The 1.3 kg physics book in figure is connected by a string to a 250 g coffee cup. The book is given a push up the slope and released with a speed of 3.5 m/s . The coefficients of friction are μs =0.50 and μk =0.20.

Part A) How far does the book slide?

An 84.0 kg spacewalking astronaut pushes off a 640 kg satellite, exerting a 95.0 N force for the 0.600 s it takes him to straighten his arms.
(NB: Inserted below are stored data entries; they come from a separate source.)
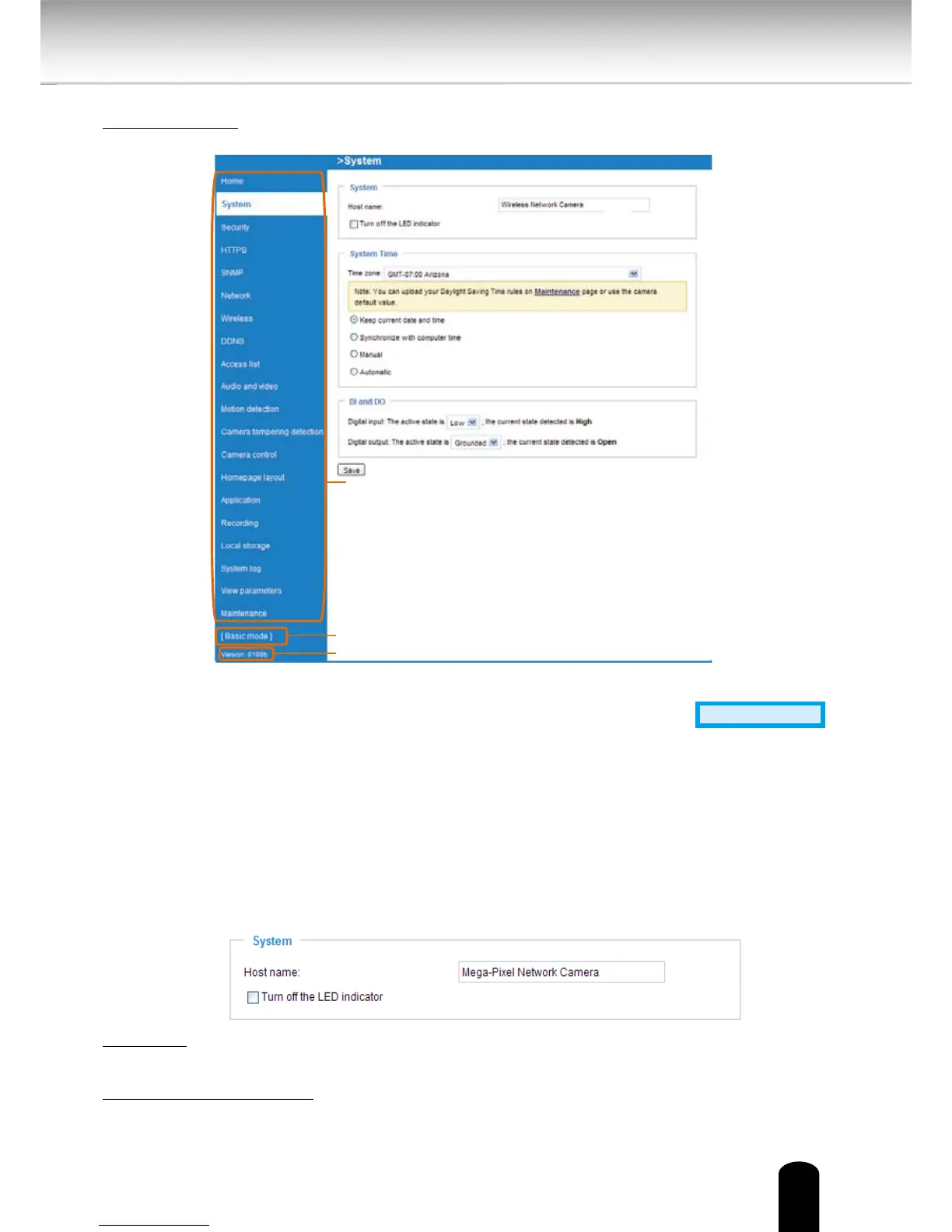 Host name: Enter a desired name for the Network Camera. The text will be displayed at the top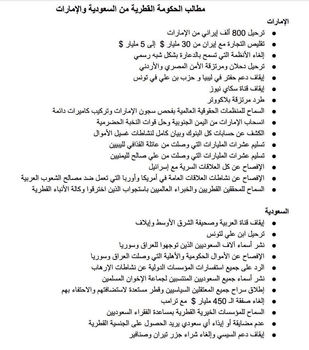 *خلاصة القائمه هم لايرغبون برجوع قطر اليهم ويريدون عزلها للأسف خاصة انه يوجد مطالبات ماليه تعويضيه لجميع الدول*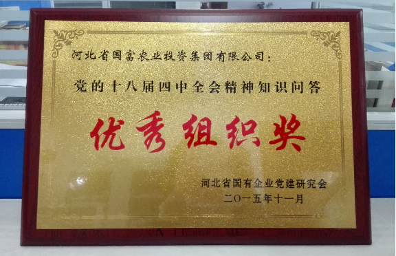 國富投資集團黨委積極響應(yīng)省國資委號召,認真組織全集團黨員參加中國共產(chǎn)黨十八屆四中全會精神知識答題活動。我集團榮獲省國資委黨建研究會頒發(fā)的“優(yōu)秀組織獎”榮譽稱號。其中,章靜同志獲一等獎,王欣同志獲優(yōu)秀獎。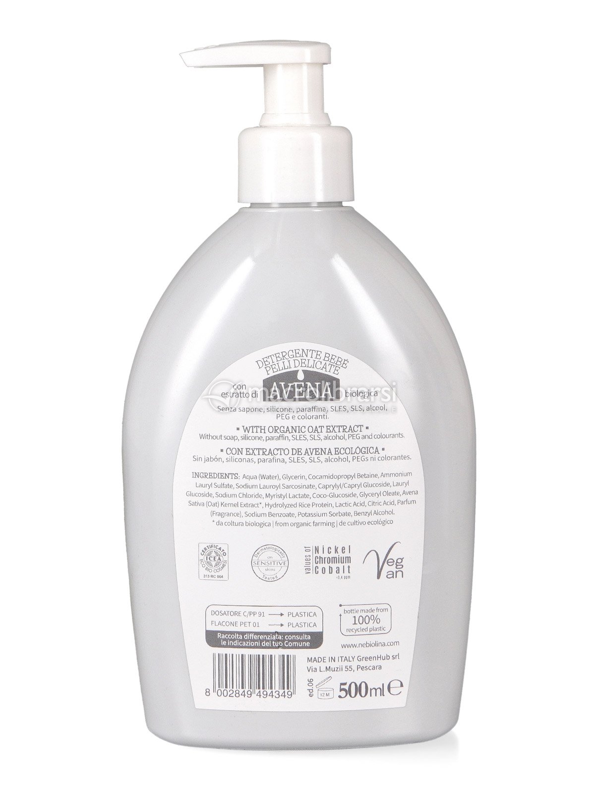 La formula è ulteriormente arricchita dalle proteine del Riso e dai preziosi elementi contenuti nell'estratto biologico del chicco d'Avena. Il prodotto garantisce una sicura igiene alla pelle del bambino nel rispetto del suo delicato equilibrio.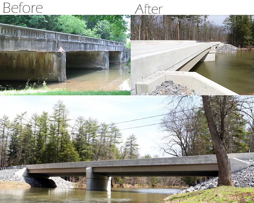 Cypher Bridge Rehabilitation - This project includes the rehabilitation of a two span steel historic truss over the Raystown Branch of the Juniata River and a cast-in-place concrete rigid frame replacement structure (24'-0" span) over Pipers Run. The project also includes 1,338' of approach roadway reconstruction.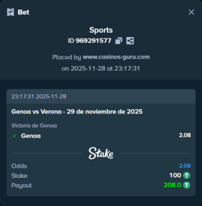 Nuestra segunda recomendación: Apostar por más de 2.5 goles en el partido, a una cuota de 2.75. Con el enfoque ofensivo que trae Genoa, se espera que el marcador sea alto.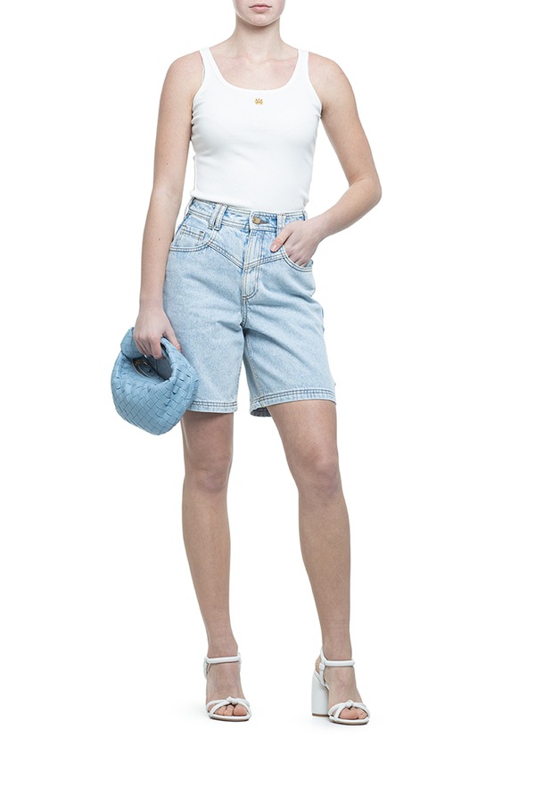 - Джинсові шорти з класичними п’ятьма кишенями, петлі для ременя, нашивка AJE на поясі ззаду, застібка на гудзик та блискавку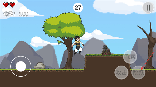 3、点击右下角跳跃键,控制角色进行跳跃障碍躲避攻击等操作。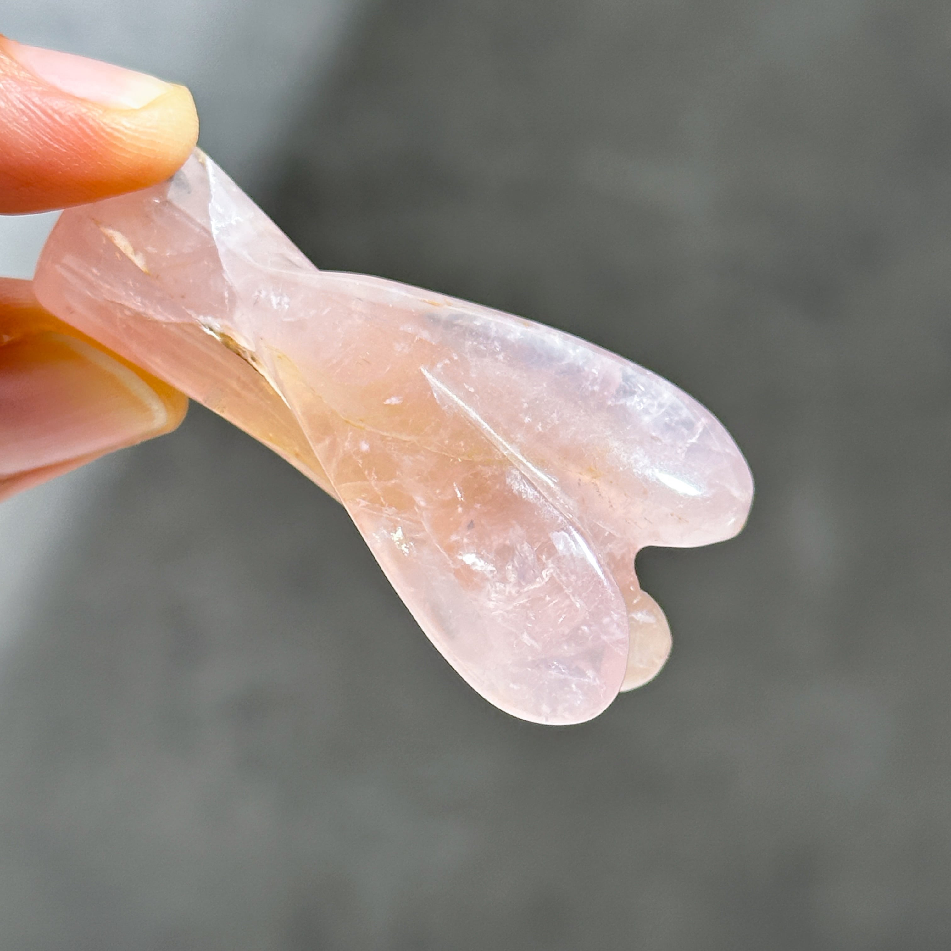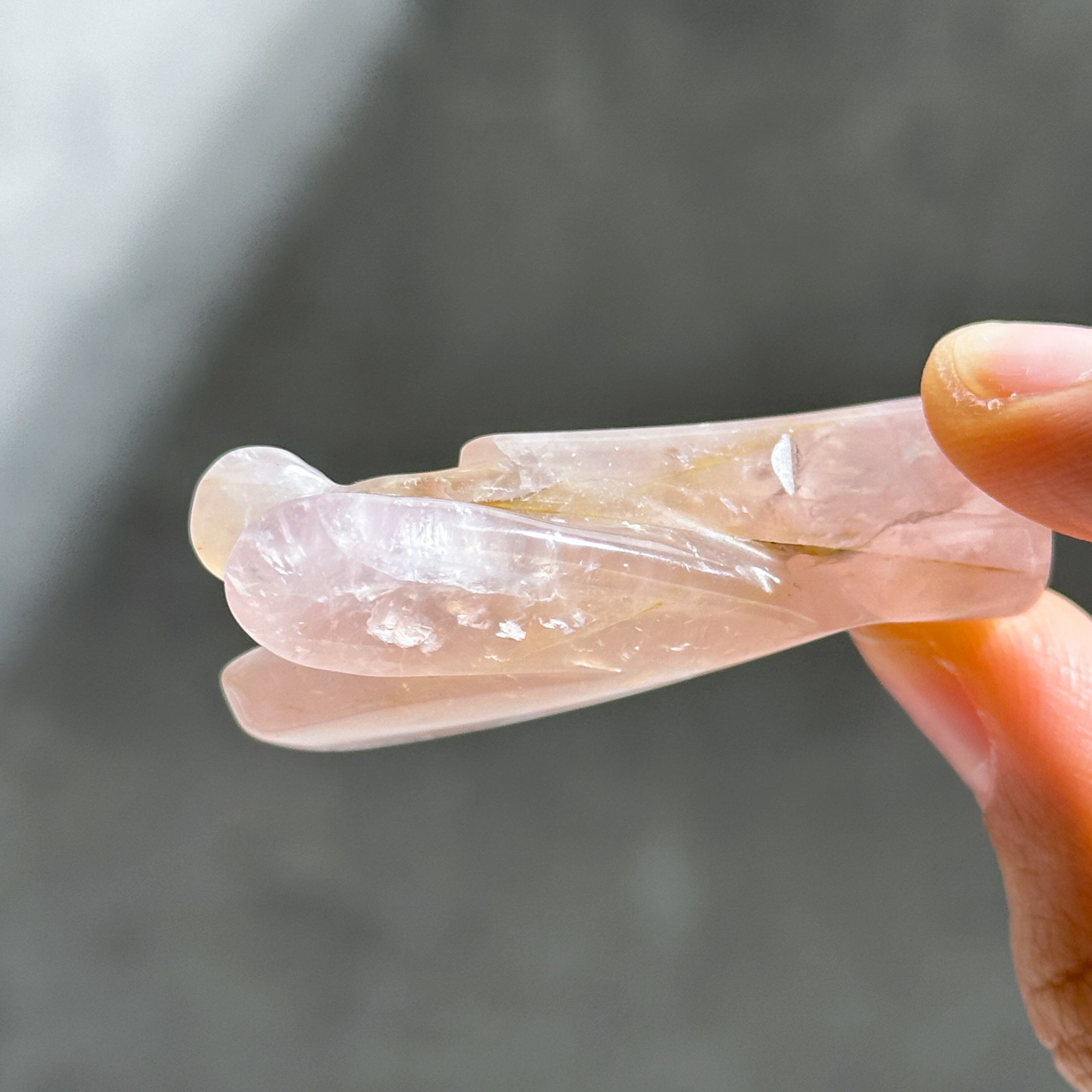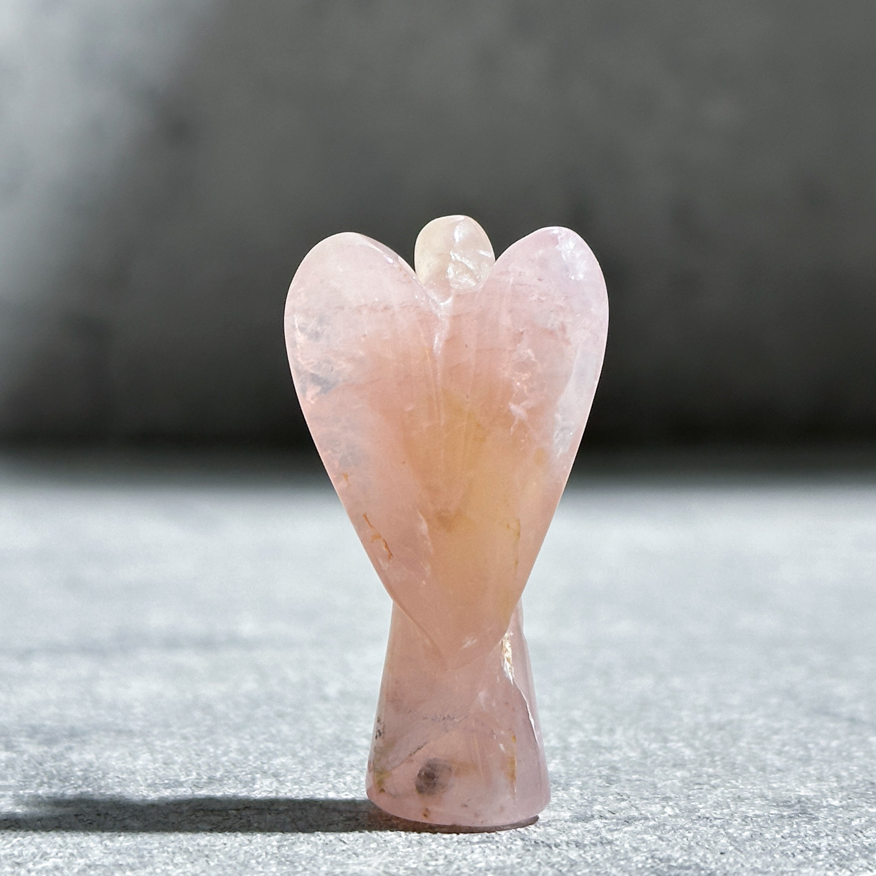 ゴールデンヒーラー×ローズクォーツを、小さなエンジェルの形に彫刻いたしました。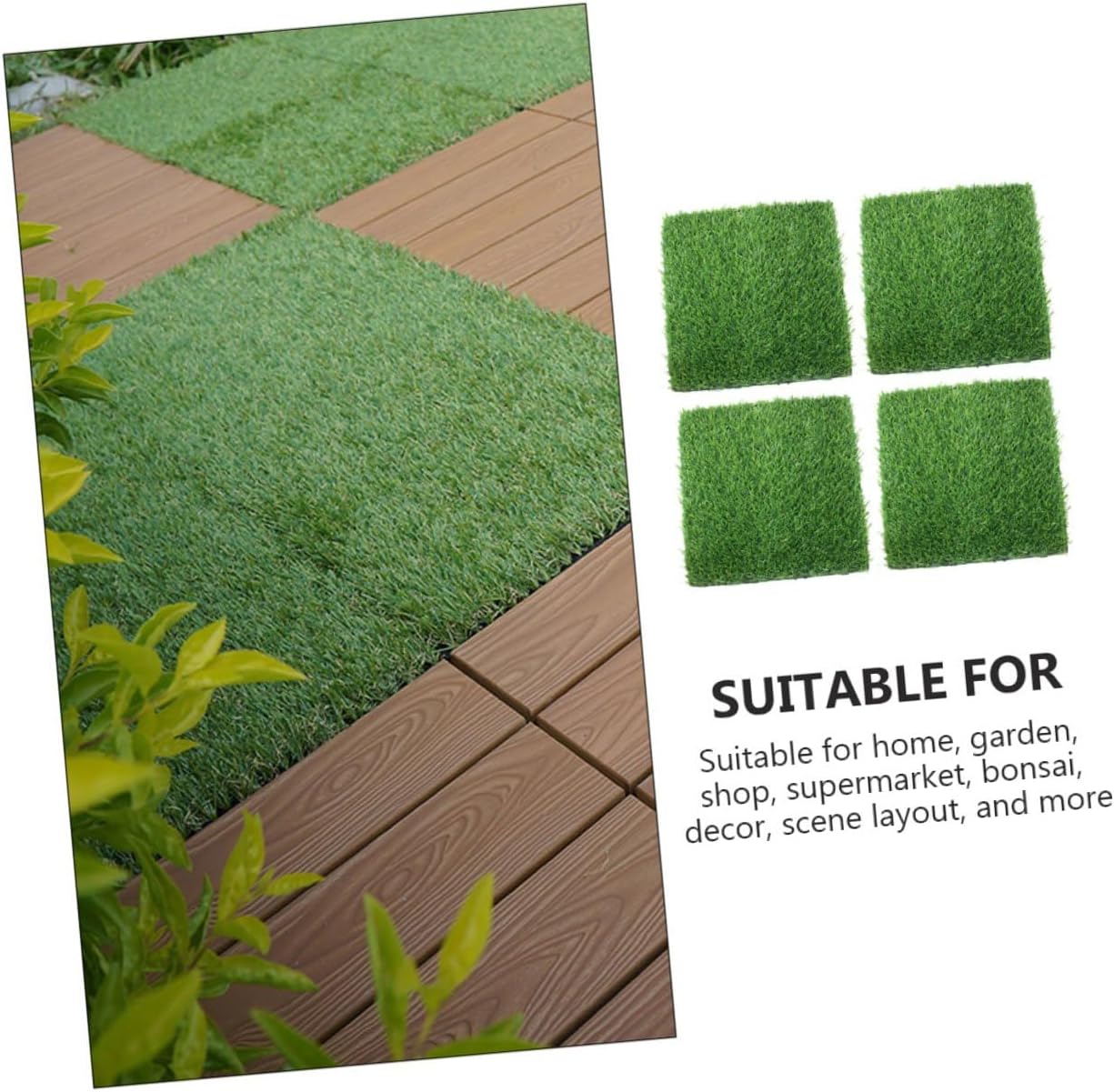Package Include 4 x Artificial Turfs Characteristics -Product Info:Simulated lawn -Color:Green -Material:Plastic -Size:30.00X30.00X3.50cm/11.79X11.79X1.38in - It can be used to decorate your garden or house. It stays vivid and bright anywhere and resists harsh sunlight artificial grass turf. - Can be used as a decoration for garden, room, modeling landscape, balcony, restaurant and so on grass rug. - The fake grass s mat looks real and can bring green life and freshness to your living space artificial grass rug. - The simulation grass mat decor is made of plastic material, safe to use, a lifelike decor for your home. - No need for daily maintenance, easy and convenient to enjoy the natural beauty artificial grass mat.Goods Informationoutdoor dog grass pad These artificial grass turfs are designed with natural grass's color, which is more beautiful and delicate.fake grass rug If you want to make your room full of green, then you miss our artificial grass mat.grass landscape of plastic material, it is practical

Part B) How far apart are the astronaut and the satellite after 1.00 min ?

Answer 1

FBD of cup

ma = mg - T

T = mg - ma

FBD of book

Ma = Mg sin x + u M g cos x

putting value of T

Ma = Mg sin x + mg - ma + u Mg cos x

a ( 1.3 + 0.25) = 1.3* 9.8 sin 20 + 0.25* 9.8 + 0.2* 1.3*9.8* cos 20

a = 5.937 m/s^2

using 3rd equation of motion

v^2 = 2 a d

3.5^2 = 2* 5.937* d

d = 1.03 m

note : sincethe value of angleis not given so i need to take it as 20 degrees, did the same problem 2 days back so i know the aproximation, let me know in comments if it is different than 20deg.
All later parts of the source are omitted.